CN103049454B

CN103049454B - A kind of Chinese and English Search Results visualization system based on many labelings

Info

Publication number: CN103049454B
Application number: CN201110312662.9A
Authority: CN
Inventors: 卫志华; 苗夺谦
Original assignee: Tongji University
Current assignee: Tongji University
Priority date: 2011-10-16
Filing date: 2011-10-16
Publication date: 2016-04-20
Anticipated expiration: 2031-10-16
Also published as: CN103049454A

Abstract

The present invention relates to a kind of Chinese and English Search Results visualization system based on many labelings, this system comprises: display module, for showing user interface and Search Results; Search module, for searching for according to user's query statement calling search engine API, and obtains Search Results, integrates Chinese and English Search Results respectively; Sort module, the result for obtaining search module carries out Chinese and English many labelings, and integrates classification results; Visualization model, for realizing Web User Interface design to the classification results after integration, and is exported by display module.Compared with prior art, the present invention uses for reference Granule Computing and considers carefully, by adopting the many labelings method based on bayesian theory, effective many labelings and integration can be carried out to Search Results, by adopting the method design visualization system, can, according to the demand category display of search results of user, accomplish not lose Search Results simultaneously as far as possible, improve user's browse efficiency, improve user's viewing experience.

Description

A kind of Chinese and English Search Results visualization system based on many labelings

Technical field

The present invention relates to areas of information technology, especially relate to a kind of Chinese and English Search Results visualization system based on many labelings.

Background technology

At present, online electronic document rapidly increases, and has every day a large amount of documents to upload on the net.Search engine, as a kind of important method obtaining network knowledge, obtains and applies more and more widely.But search engine often returns a large amount of Search Results, this makes user usually be submerged in the ocean of information.The search engine of current main-stream returns the Search Results according to user key words sequence.In order to find interested information, user needs navigate search results one by one.

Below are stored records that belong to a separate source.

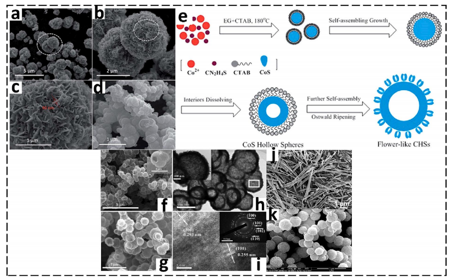 | f-i | 鈷微納結(jié)構(gòu) | 枝晶→花瓣分級(jí)組裝 | 尖銳邊緣激發(fā)局域電場(chǎng),增強(qiáng)介電極化損耗4 |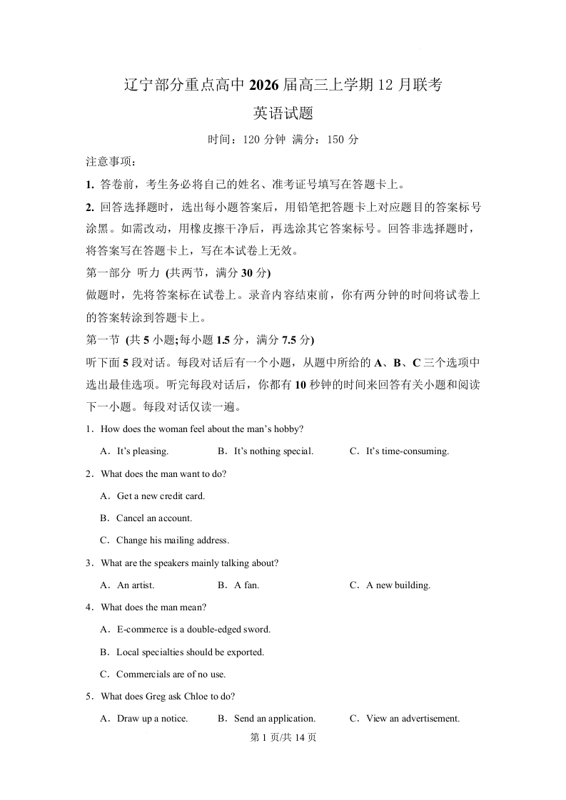 辽宁省部分重点高中2026届高三上学期12月联考 英语.docx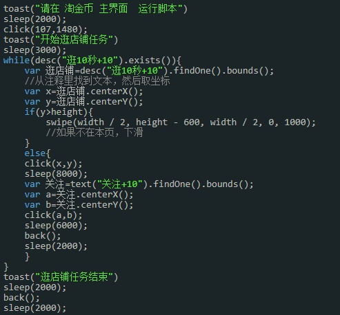 看到一些朋友求AutoJS关于淘金币任务的源码。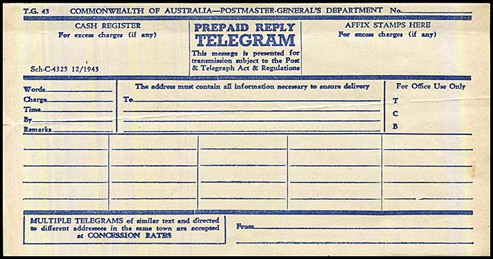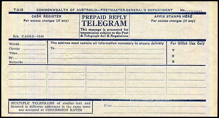 | Heading and notes: | Form number T.G. 43. Heading is PREPAID REPLY/TELEGRAM. Thick horizontal lines divide sections. |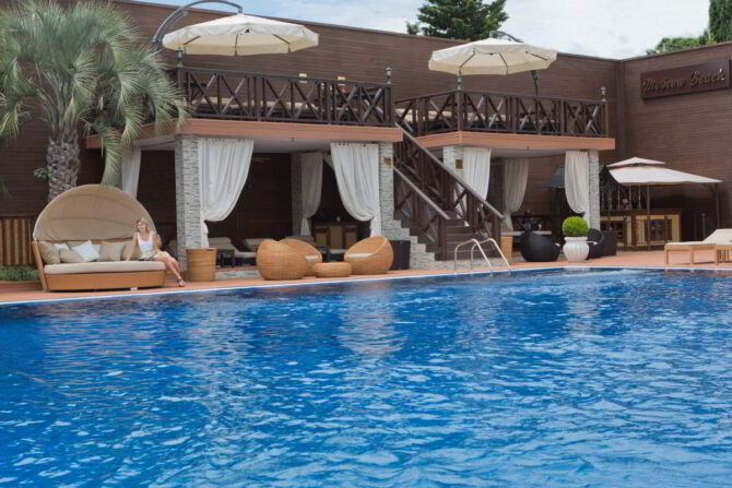 Пляжный комплекс СПА-отеля «Волна» называется MOSCOW BEACH. Он находится в отдельной зеленой зоне. Для отдыхающих работают: плавательный бассейн для взрослых с гидромассажем и лаундж-зоной с шезлонгами, детская купальня с фонтаном, двухуровневые бунгало, бар на воде, ресторан и кальянная, СПА-центр, салон тайского массажа. В аквапарке «Амфибиус» отдыхающие найдут развлечение по душе. В нем установлено 16 водных аттракционов и горок.

For above problem, some start to explore more advanced information retrieval method.As a rule, there are two kinds of modes: a kind of is information retrieval method based on semanteme, namely make every effort to adopt semantic analysis technology to understand the query statement of document and user; Another kind is the method based on machine learning, namely use from historical data learning to model the document Search Results is classified or cluster.The present invention pays close attention to the problem improving information retrieval result based on the method for machine learning.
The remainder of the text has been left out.